## Work task
Word for word, restate the lines of the data below between those holding "NEW Philips Orange" and "汉中市铁路中心医院皮肤科是汉", inclusive; pictures do not belong in the copy.

## Source records

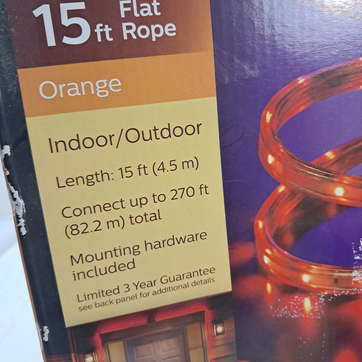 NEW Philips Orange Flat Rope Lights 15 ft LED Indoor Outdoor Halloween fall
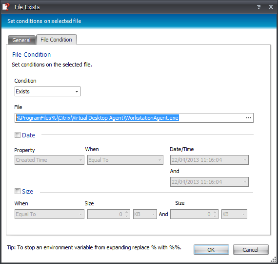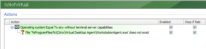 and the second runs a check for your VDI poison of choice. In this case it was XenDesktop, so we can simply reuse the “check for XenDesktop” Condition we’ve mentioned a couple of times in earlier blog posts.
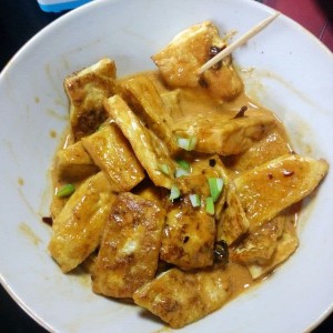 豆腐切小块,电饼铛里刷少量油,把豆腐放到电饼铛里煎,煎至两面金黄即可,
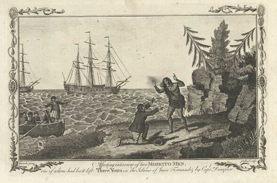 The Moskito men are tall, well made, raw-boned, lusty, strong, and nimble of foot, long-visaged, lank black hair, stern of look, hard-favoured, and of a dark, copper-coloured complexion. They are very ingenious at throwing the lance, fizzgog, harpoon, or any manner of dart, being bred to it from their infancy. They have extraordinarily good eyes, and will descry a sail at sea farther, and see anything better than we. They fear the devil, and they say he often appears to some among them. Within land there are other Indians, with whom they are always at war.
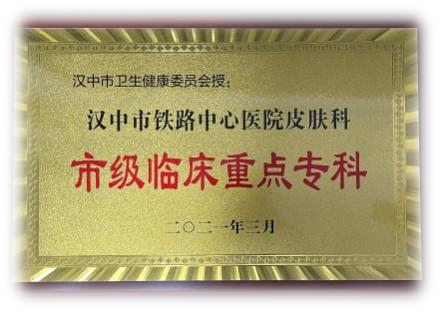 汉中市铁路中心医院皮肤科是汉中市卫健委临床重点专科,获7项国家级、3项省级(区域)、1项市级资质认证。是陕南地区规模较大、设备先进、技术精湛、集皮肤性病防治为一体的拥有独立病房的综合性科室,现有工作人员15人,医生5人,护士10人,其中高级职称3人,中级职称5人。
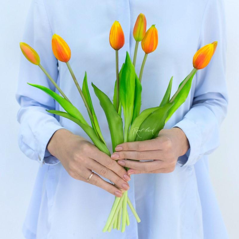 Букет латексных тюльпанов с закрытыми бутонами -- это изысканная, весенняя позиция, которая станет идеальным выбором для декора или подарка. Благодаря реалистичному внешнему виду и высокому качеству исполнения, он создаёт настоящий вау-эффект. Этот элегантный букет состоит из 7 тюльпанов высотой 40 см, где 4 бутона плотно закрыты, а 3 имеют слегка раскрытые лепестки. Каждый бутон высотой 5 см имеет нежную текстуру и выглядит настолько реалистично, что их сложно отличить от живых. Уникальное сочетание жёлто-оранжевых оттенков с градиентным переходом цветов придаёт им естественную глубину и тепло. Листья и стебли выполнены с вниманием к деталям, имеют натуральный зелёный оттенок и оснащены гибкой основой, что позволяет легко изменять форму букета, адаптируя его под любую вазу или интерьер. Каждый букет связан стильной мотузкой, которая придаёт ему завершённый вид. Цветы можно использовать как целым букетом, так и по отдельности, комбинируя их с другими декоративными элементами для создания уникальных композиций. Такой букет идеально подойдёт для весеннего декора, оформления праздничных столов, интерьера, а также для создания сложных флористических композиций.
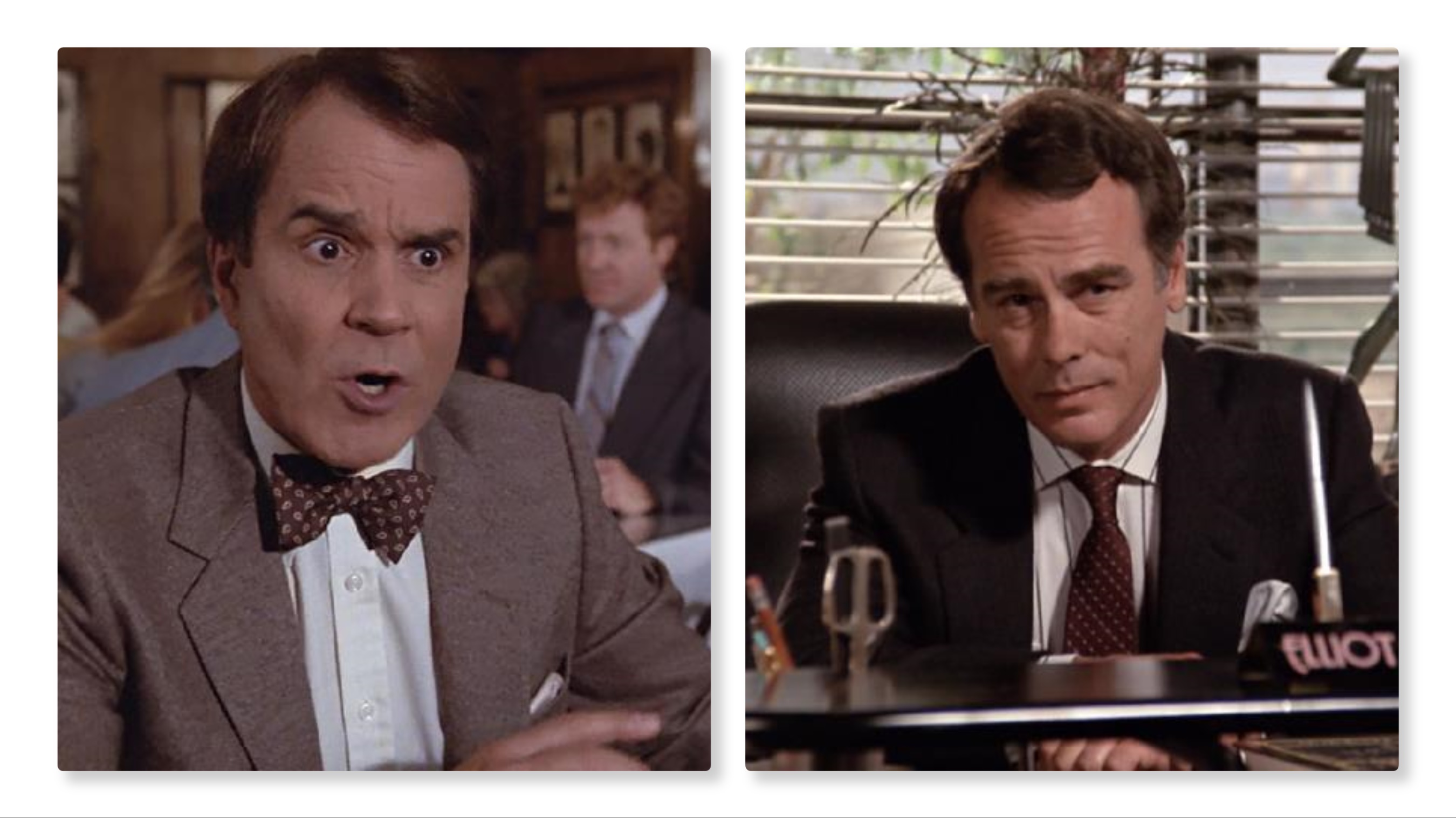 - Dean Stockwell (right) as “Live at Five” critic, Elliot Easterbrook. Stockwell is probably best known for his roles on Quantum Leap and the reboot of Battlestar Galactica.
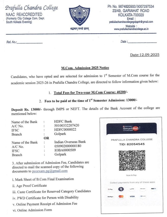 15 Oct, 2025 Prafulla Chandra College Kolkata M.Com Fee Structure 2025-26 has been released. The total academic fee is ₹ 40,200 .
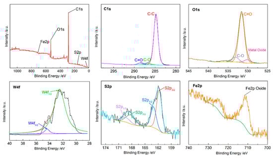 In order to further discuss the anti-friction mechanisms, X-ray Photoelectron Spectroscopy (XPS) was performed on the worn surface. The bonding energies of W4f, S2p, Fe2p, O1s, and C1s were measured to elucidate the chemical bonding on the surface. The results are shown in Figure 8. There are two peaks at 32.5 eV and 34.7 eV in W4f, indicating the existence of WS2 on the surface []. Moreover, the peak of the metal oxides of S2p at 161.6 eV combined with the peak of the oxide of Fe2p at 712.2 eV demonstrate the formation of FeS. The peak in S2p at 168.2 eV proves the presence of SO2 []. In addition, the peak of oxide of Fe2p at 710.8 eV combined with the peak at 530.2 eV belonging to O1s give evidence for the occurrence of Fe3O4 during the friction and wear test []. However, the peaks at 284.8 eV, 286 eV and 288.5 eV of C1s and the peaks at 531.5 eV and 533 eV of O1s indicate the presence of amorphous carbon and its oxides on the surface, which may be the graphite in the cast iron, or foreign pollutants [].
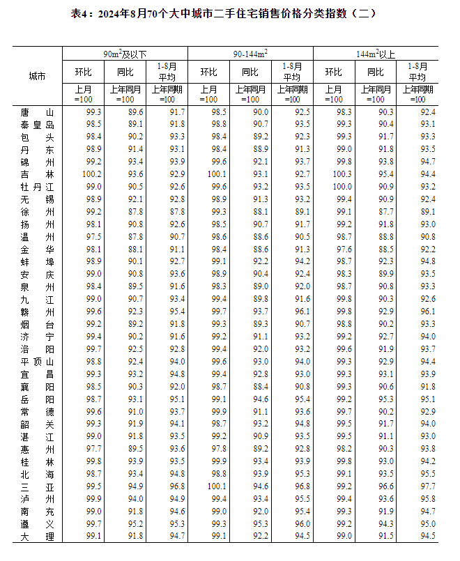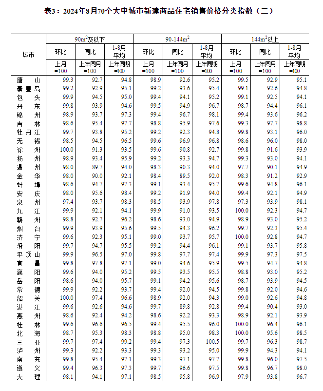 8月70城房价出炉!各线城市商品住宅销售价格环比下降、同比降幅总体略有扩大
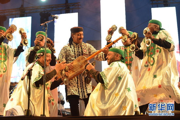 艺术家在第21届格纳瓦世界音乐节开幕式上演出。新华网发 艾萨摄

---

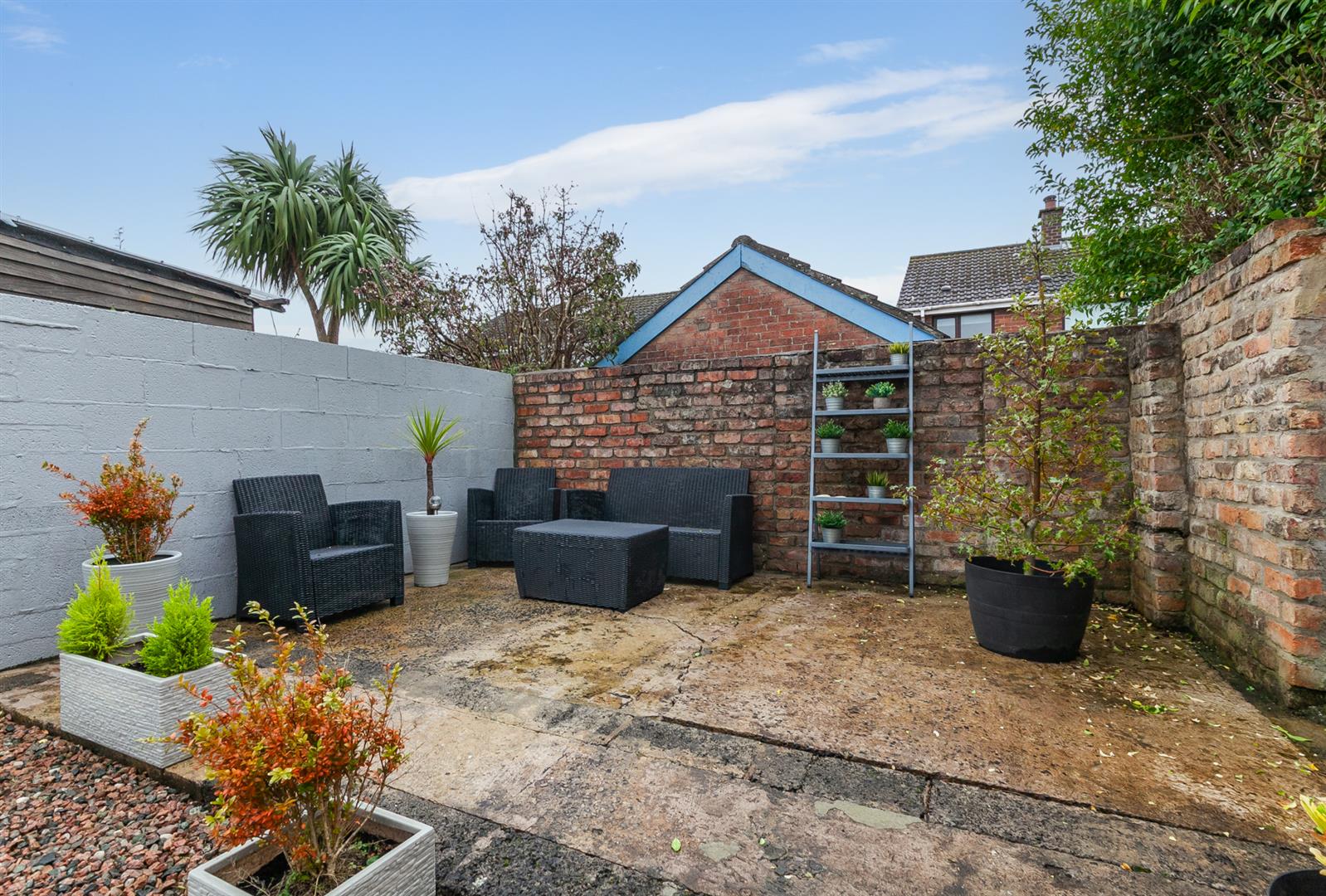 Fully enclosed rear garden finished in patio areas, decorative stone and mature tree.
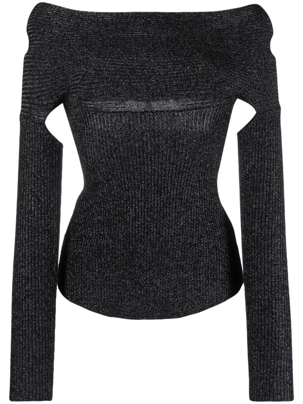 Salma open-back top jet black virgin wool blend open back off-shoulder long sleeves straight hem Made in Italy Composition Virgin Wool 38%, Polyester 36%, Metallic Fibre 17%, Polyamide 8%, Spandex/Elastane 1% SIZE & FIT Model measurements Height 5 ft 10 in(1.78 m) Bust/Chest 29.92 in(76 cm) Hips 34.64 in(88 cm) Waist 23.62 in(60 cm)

## Completed task
 NEW Philips Orange Flat Rope Lights 15 ft LED Indoor Outdoor Halloween fall
 and the second runs a check for your VDI poison of choice. In this case it was XenDesktop, so we can simply reuse the “check for XenDesktop” Condition we’ve mentioned a couple of times in earlier blog posts.
 豆腐切小块,电饼铛里刷少量油,把豆腐放到电饼铛里煎,煎至两面金黄即可,
 The Moskito men are tall, well made, raw-boned, lusty, strong, and nimble of foot, long-visaged, lank black hair, stern of look, hard-favoured, and of a dark, copper-coloured complexion. They are very ingenious at throwing the lance, fizzgog, harpoon, or any manner of dart, being bred to it from their infancy. They have extraordinarily good eyes, and will descry a sail at sea farther, and see anything better than we. They fear the devil, and they say he often appears to some among them. Within land there are other Indians, with whom they are always at war.
 汉中市铁路中心医院皮肤科是汉中市卫健委临床重点专科,获7项国家级、3项省级(区域)、1项市级资质认证。是陕南地区规模较大、设备先进、技术精湛、集皮肤性病防治为一体的拥有独立病房的综合性科室,现有工作人员15人,医生5人,护士10人,其中高级职称3人,中级职称5人。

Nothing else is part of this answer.